Facial prostheses aim to restore the appearance, contours, and esthetics of the face while consequently enhancing patients’ self-esteem and reintegration into social life. Restoring unilateral missing ocular and orbital tissues is a challenging task that requires great skill from the clinician (anaplastologist) to accurately mimic the opposing natural tissues. Bilateral defects present additional technical and clinical challenges for clinicians and patients alike.

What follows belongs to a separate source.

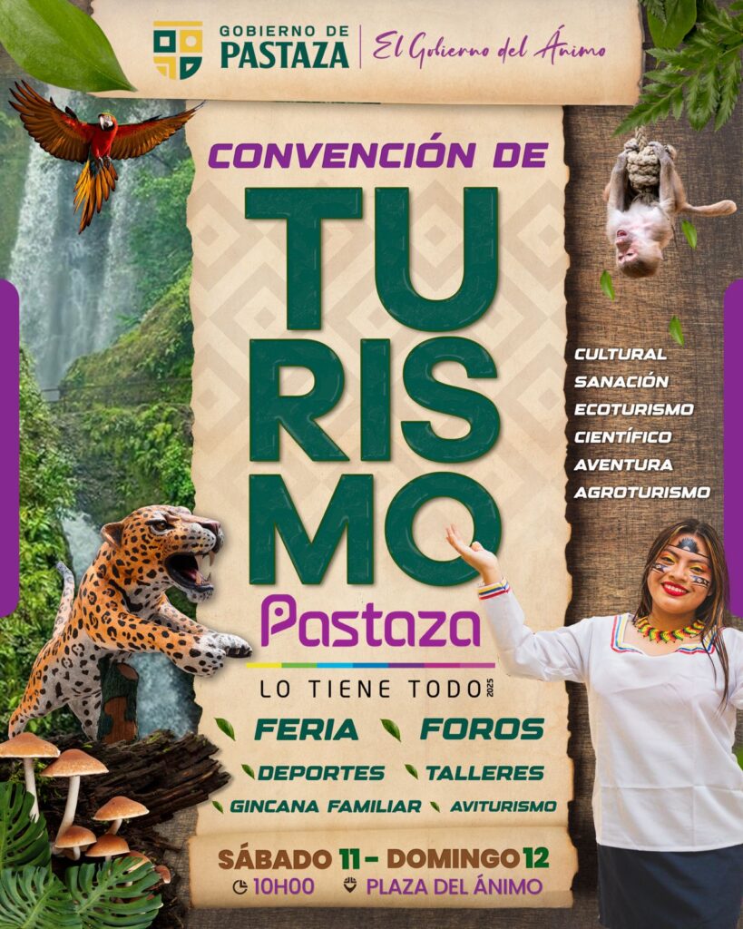Este sábado 11 y domingo 12 de octubre disfruta de la Convención de Turismo “Pastaza lo tiene todo”, un evento que celebra la naturaleza, la ciencia y la cultura amazónica.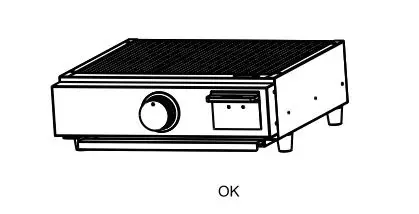 - Make sure the appliance must be on .a level, stable noncombustible surface in an area clear of combustible material during cooking. An asphalt surface (blacktop) can not be accepted for this purpose.

This article presents two cases involving restoration of the ocular and orbital components of bilaterally blind patients. The first case comprised the construction of indwelling scleral eye shells for both eyes, while the second comprised left orbital (implant-retained) and right indwelling eye shell prostheses. Custom-made bilaterally indwelling eyes are more esthetically pleasing than stock options and show better fit and comfort following conventional impression techniques. Clinical challenges include impression taking, prosthesis fabrication, identification of the correct orientation into the socket, communication with the patient, and satisfaction of patient expectations. Since both patients were blind, their families played a vital role in describing their prostheses and thus in improving the patients’ self-esteem and satisfaction with treatment. Int J Prosthodont 2012;25:631–635.